**What this task involves**
Given the material below, output exactly the lines from the line with "19 век. Размер" to the line with "la confection !", both ends included, and no other lines.

**Input data**
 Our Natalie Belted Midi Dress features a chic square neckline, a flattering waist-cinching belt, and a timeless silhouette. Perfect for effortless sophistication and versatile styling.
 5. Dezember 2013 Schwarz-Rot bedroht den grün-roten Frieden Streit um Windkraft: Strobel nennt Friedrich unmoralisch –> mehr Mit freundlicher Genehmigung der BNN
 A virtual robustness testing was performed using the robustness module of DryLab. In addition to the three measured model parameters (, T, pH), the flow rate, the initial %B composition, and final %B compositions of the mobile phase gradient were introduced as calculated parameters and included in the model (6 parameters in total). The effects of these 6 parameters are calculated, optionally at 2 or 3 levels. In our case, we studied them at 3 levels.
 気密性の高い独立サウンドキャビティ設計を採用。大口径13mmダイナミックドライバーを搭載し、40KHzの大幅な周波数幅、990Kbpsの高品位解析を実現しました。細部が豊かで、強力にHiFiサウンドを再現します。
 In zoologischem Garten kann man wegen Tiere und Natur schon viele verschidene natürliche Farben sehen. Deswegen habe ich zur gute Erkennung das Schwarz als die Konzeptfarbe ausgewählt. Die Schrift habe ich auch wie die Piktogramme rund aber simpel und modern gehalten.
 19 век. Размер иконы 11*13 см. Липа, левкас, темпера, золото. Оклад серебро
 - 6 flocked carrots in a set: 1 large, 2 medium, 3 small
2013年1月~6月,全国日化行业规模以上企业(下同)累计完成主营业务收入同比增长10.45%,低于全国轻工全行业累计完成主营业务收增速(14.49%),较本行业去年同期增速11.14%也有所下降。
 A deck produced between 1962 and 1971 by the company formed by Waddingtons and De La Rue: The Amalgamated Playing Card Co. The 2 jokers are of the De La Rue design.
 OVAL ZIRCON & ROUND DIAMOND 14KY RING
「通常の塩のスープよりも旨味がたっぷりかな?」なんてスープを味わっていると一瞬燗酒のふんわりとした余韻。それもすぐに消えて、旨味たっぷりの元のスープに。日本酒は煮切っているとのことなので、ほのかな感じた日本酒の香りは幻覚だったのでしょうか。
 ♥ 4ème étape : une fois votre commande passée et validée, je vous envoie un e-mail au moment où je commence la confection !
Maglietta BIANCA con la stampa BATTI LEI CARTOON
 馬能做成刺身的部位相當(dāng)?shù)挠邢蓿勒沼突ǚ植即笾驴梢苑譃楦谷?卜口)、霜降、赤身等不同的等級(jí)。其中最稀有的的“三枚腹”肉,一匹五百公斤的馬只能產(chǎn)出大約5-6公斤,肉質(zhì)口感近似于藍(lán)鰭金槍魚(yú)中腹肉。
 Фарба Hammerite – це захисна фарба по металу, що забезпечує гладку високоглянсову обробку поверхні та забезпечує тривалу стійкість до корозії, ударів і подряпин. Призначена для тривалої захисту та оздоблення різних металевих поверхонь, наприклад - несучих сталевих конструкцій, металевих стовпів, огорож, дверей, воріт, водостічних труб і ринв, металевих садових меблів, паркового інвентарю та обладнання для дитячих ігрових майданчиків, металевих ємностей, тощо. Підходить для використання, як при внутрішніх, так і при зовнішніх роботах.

**Task solution**
 19 век. Размер иконы 11*13 см. Липа, левкас, темпера, золото. Оклад серебро
 - 6 flocked carrots in a set: 1 large, 2 medium, 3 small
2013年1月~6月,全国日化行业规模以上企业(下同)累计完成主营业务收入同比增长10.45%,低于全国轻工全行业累计完成主营业务收增速(14.49%),较本行业去年同期增速11.14%也有所下降。
 A deck produced between 1962 and 1971 by the company formed by Waddingtons and De La Rue: The Amalgamated Playing Card Co. The 2 jokers are of the De La Rue design.
 OVAL ZIRCON & ROUND DIAMOND 14KY RING
「通常の塩のスープよりも旨味がたっぷりかな?」なんてスープを味わっていると一瞬燗酒のふんわりとした余韻。それもすぐに消えて、旨味たっぷりの元のスープに。日本酒は煮切っているとのことなので、ほのかな感じた日本酒の香りは幻覚だったのでしょうか。
 ♥ 4ème étape : une fois votre commande passée et validée, je vous envoie un e-mail au moment où je commence la confection !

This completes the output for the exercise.